- **Exercise brief**
With the pictures left out, every record must be reproduced exactly.

Excerpts from a dataset:
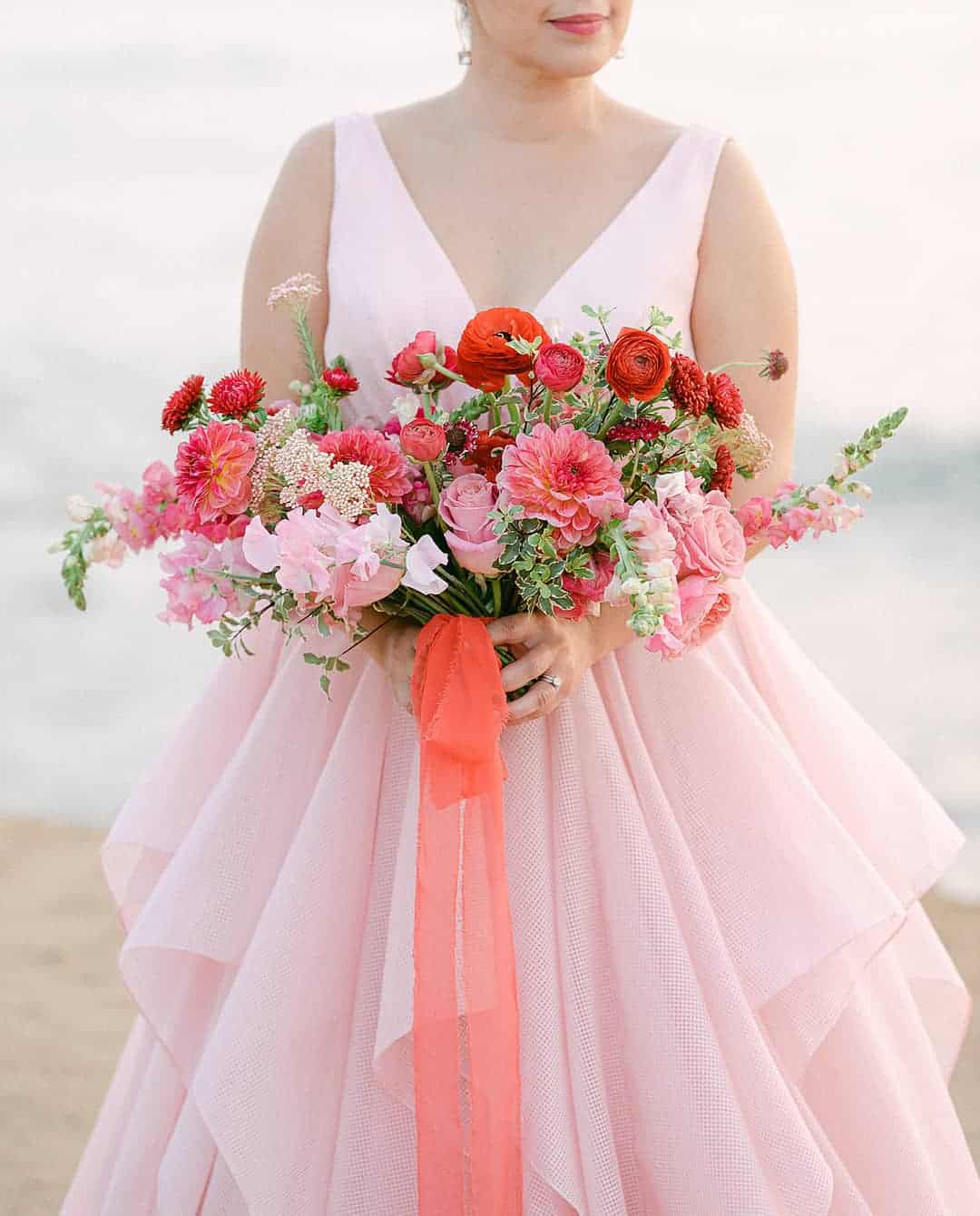 “We were engaged in February 2017 and got married 14 months later on April 28, 2018. Considering our busy work schedules (Alli in wedding planning and Daniel manufacturing sales), getting married in the more common summer months was not a possibility. The window was spring or fall and we chose the former to align better with the bright and colourful spring theme!”Alli explained.
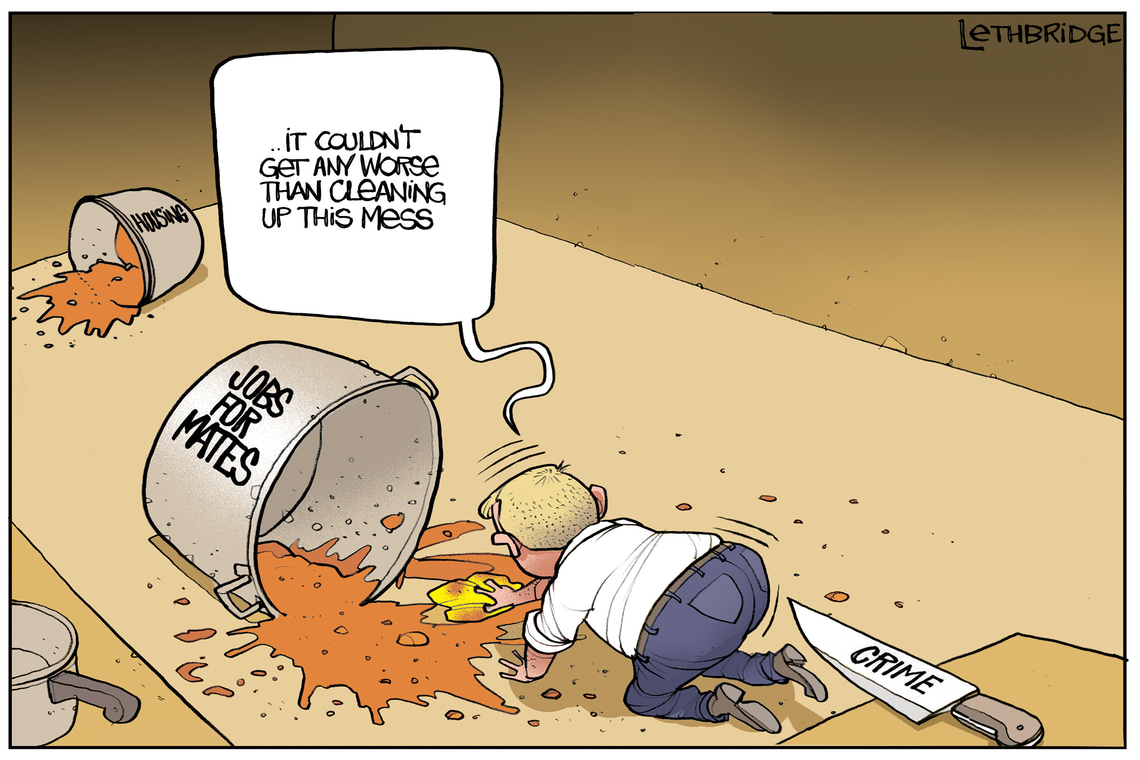 Published in the Political Cartoon column of the Courier Mail. Drawn and signed by cartoonist Brett Lethbridge.
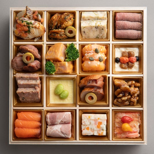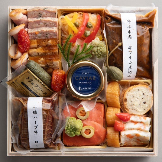 JR西日本ホテルズの和食・洋食それぞれのスペシャリストが監修し、昨年から内容を一新した今年一押しのおせち料理です。本格的な味わいはもちろんのこと、昨年より10品目を増やした53品目とボリュームたっぷりな内容は親子3世代でもお楽しみいただけます。壱の重・弐の重には、「あわび旨煮」や「福(ふぐ)うに和え」など、伝統の和のおせち料理を彩り豊かに。参の重には「ローストビーフ」や温めてお召し上がりいただく「牛ホホ肉赤ワイン煮込み」をはじめ、「キャビア」、「トリュフバターパン」など、ホテルらしく華やかな洋食を取り揃えました。
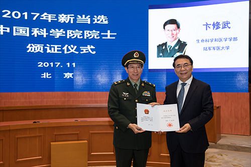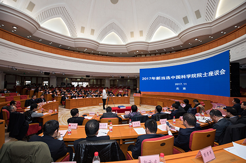 11月28日,2017年新當選中國科學院院士座談會在北京召開,中科院院長、學部主席團執行主席白春禮為新當選院士頒發院士證書并發表講話。
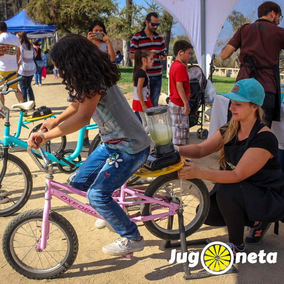 “Nos hemos estado moviendo en diferentes eventos, difundiendo nuestro emprendimiento a través de iniciativas y ferias ecológicas, como la Eco Feria Medioambiental en el pueblito de Las Vizcachas, donde las personas preparaban su propio jugo pedaleando. Por otra parte estamos en una campaña de reducir el uso de plásticos como son los vasos y bombillas, lo que es muy difícil. Estamos gestionando utilizar vasos hechos de plantas, totalmente reciclables y fomentamos el uso del vaso de vidrio retornable. El espíritu de nuestra participación en eventos y jornadas estimula a las personas a vivir la experiencia de generar energía para que la Jugoneta funcione, y que se sientan parte fundamental del cuidado al medio ambiente. Lo que buscamos es participar en eventos que tengan relación con el medio ambiente, la bicicleta y vida sana”.
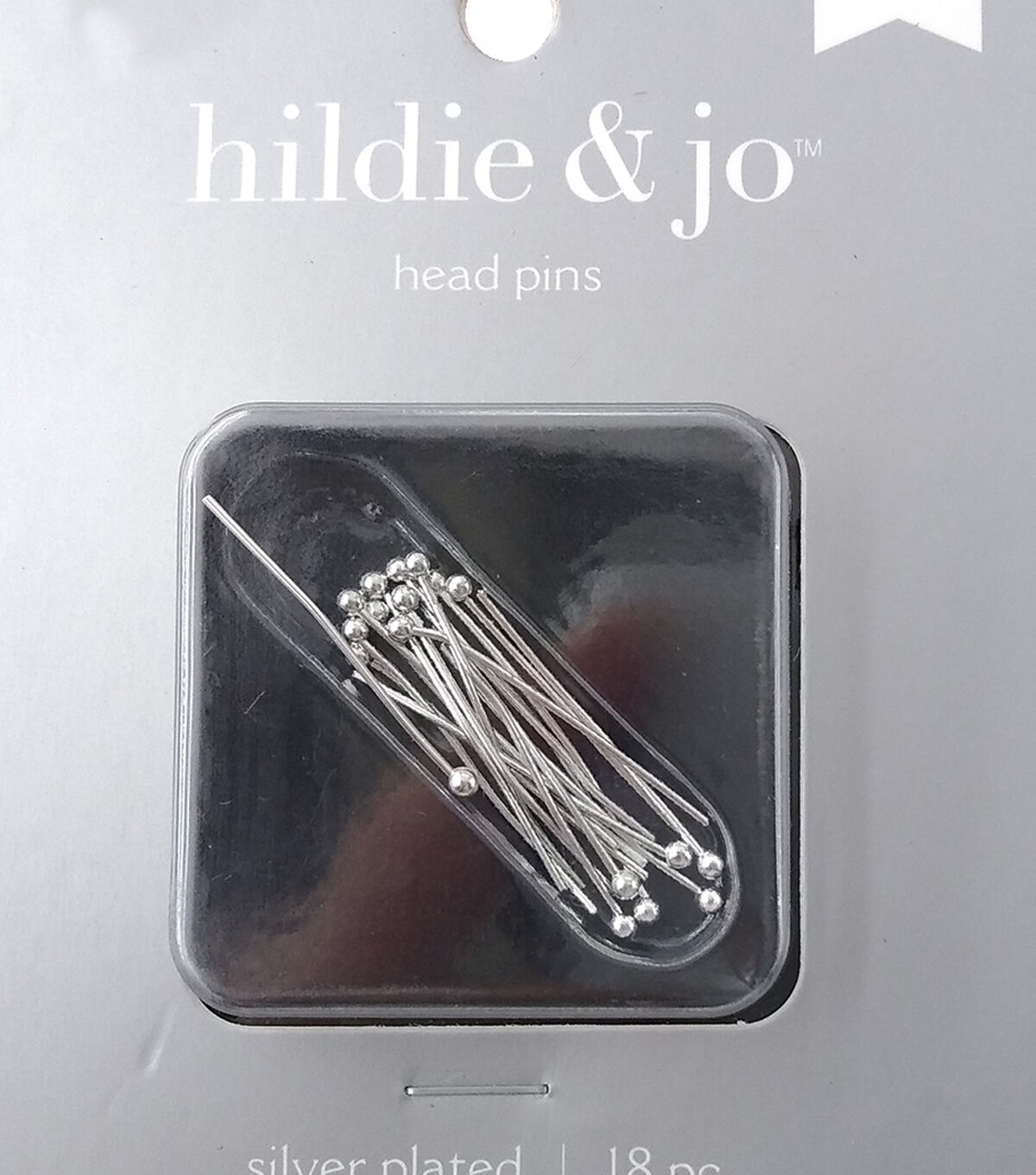 hildie & jo Metal Head Pins plated in silver. The head pins feature a ball design. There is one length of 1 inch. 18 pieces.
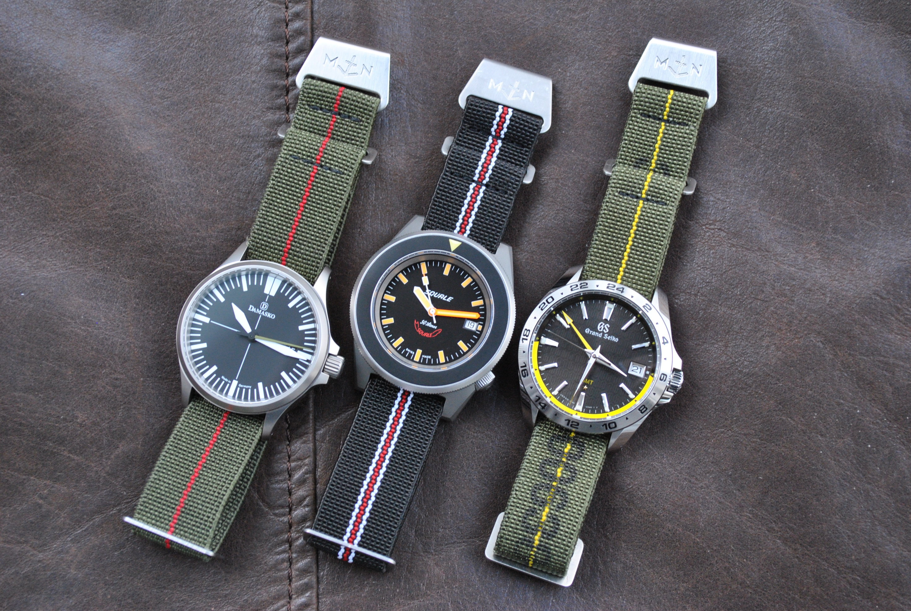 Goed, nu weten we hoe deze bandjes ontstaan zijn, en dat ze onlosmakelijk verbonden zijn met een stukje recente ( militaire ) horlogegeschiedenis. Uiteraard bestaan ze allang, echter waren ze niet bekend onder het grote publiek. NDC straps ( voormalig Jackostraps ) was de eerste die deze bandjes kleinschalig verkocht, en deze worden gemaakt van authentiek parachute webbing. Erika’s Originals heeft hetzelfde bandje commercieel gemaakt door het ontwerp te verbeteren, te laten patenteren en haar naam een merk an sich te laten worden.
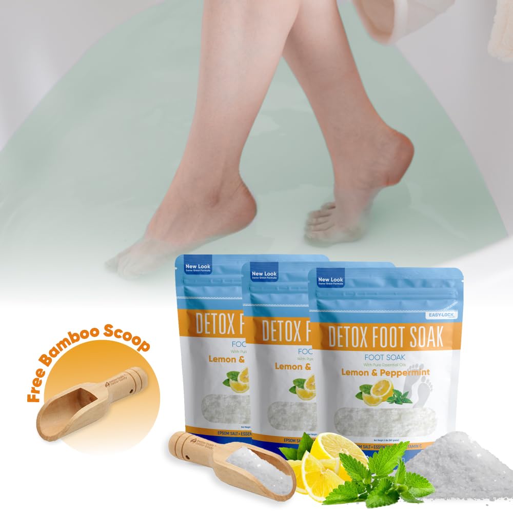 Detox Foot Soak (3 Pack Plus Scoop) Epsom Salt Soothing Soaks and Athlete's Foot Detox with Essential Oils in BPA Free Pouch with Press Lock Seal (Bundle with Three 2 Lbs Pouches 6 Lbs Total)

- **Output for this exercise**
 “We were engaged in February 2017 and got married 14 months later on April 28, 2018. Considering our busy work schedules (Alli in wedding planning and Daniel manufacturing sales), getting married in the more common summer months was not a possibility. The window was spring or fall and we chose the former to align better with the bright and colourful spring theme!”Alli explained.
 Published in the Political Cartoon column of the Courier Mail. Drawn and signed by cartoonist Brett Lethbridge.
 JR西日本ホテルズの和食・洋食それぞれのスペシャリストが監修し、昨年から内容を一新した今年一押しのおせち料理です。本格的な味わいはもちろんのこと、昨年より10品目を増やした53品目とボリュームたっぷりな内容は親子3世代でもお楽しみいただけます。壱の重・弐の重には、「あわび旨煮」や「福(ふぐ)うに和え」など、伝統の和のおせち料理を彩り豊かに。参の重には「ローストビーフ」や温めてお召し上がりいただく「牛ホホ肉赤ワイン煮込み」をはじめ、「キャビア」、「トリュフバターパン」など、ホテルらしく華やかな洋食を取り揃えました。
 11月28日,2017年新當選中國科學院院士座談會在北京召開,中科院院長、學部主席團執行主席白春禮為新當選院士頒發院士證書并發表講話。
 “Nos hemos estado moviendo en diferentes eventos, difundiendo nuestro emprendimiento a través de iniciativas y ferias ecológicas, como la Eco Feria Medioambiental en el pueblito de Las Vizcachas, donde las personas preparaban su propio jugo pedaleando. Por otra parte estamos en una campaña de reducir el uso de plásticos como son los vasos y bombillas, lo que es muy difícil. Estamos gestionando utilizar vasos hechos de plantas, totalmente reciclables y fomentamos el uso del vaso de vidrio retornable. El espíritu de nuestra participación en eventos y jornadas estimula a las personas a vivir la experiencia de generar energía para que la Jugoneta funcione, y que se sientan parte fundamental del cuidado al medio ambiente. Lo que buscamos es participar en eventos que tengan relación con el medio ambiente, la bicicleta y vida sana”.
 hildie & jo Metal Head Pins plated in silver. The head pins feature a ball design. There is one length of 1 inch. 18 pieces.
 Goed, nu weten we hoe deze bandjes ontstaan zijn, en dat ze onlosmakelijk verbonden zijn met een stukje recente ( militaire ) horlogegeschiedenis. Uiteraard bestaan ze allang, echter waren ze niet bekend onder het grote publiek. NDC straps ( voormalig Jackostraps ) was de eerste die deze bandjes kleinschalig verkocht, en deze worden gemaakt van authentiek parachute webbing. Erika’s Originals heeft hetzelfde bandje commercieel gemaakt door het ontwerp te verbeteren, te laten patenteren en haar naam een merk an sich te laten worden.
 Detox Foot Soak (3 Pack Plus Scoop) Epsom Salt Soothing Soaks and Athlete's Foot Detox with Essential Oils in BPA Free Pouch with Press Lock Seal (Bundle with Three 2 Lbs Pouches 6 Lbs Total)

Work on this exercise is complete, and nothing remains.